"The Parable of Mr. Creosote"

The Parable of Mr. Creosote

Hannah Berger

 

Monty Python’s The Meaning of Life

 

I remember my dad puffing himself up, keeping air in his cheeks, clutching his stomach in theatrical ache, then becoming the server, pushing the after-dinner mint, then characterizing the mint itself, shrinking into a diminutive crouch, bringing his hands near his chin and pinching his fingers together, becoming deceptively wee, meek, and mild, and then puffing up to inhabit the character of Mr. Creosote again just in time for his final bite, the mint, and his subsequent explosion. The sequence, a summary of Part VI: “The Autumn Years” of Monty Python’s The Meaning of Life, was one of my dad’s favorites to recount.  
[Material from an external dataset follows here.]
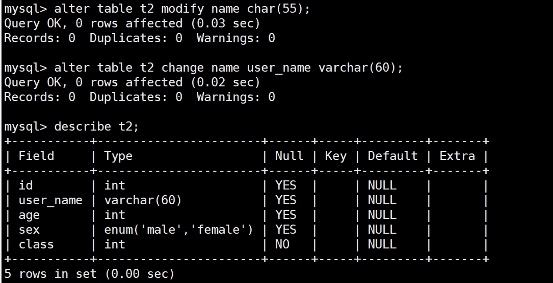 describe语句:用于显示表的结构,即组成表的各字段的信息。
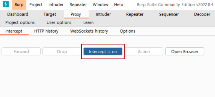 버프 스위트에서 프록시에 들어가 인터셉트를 온으로 해준다.

I’ll clarify the sketch: Mr. Creosote enters an upscale French restaurant to the horror of the restaurant and everyone in it. He immediately begins to vomit, soiling the restaurant and everyone in it, then orders everything on the menu, which is served to him altogether in a vat. He eats and vomits in tandem until he is, finally, too full to continue eating. At this point, his server enacts revenge by offering him just one additional morsel, a mint. Mr. Creosote caves, eats the mint, and then explodes. Alive and conscious, he receives his check. As he sits with his middle blown open, his beating heart exposed, we can rest assured that he’s already paid his price. Oh, and he’s impossibly fat and very rude.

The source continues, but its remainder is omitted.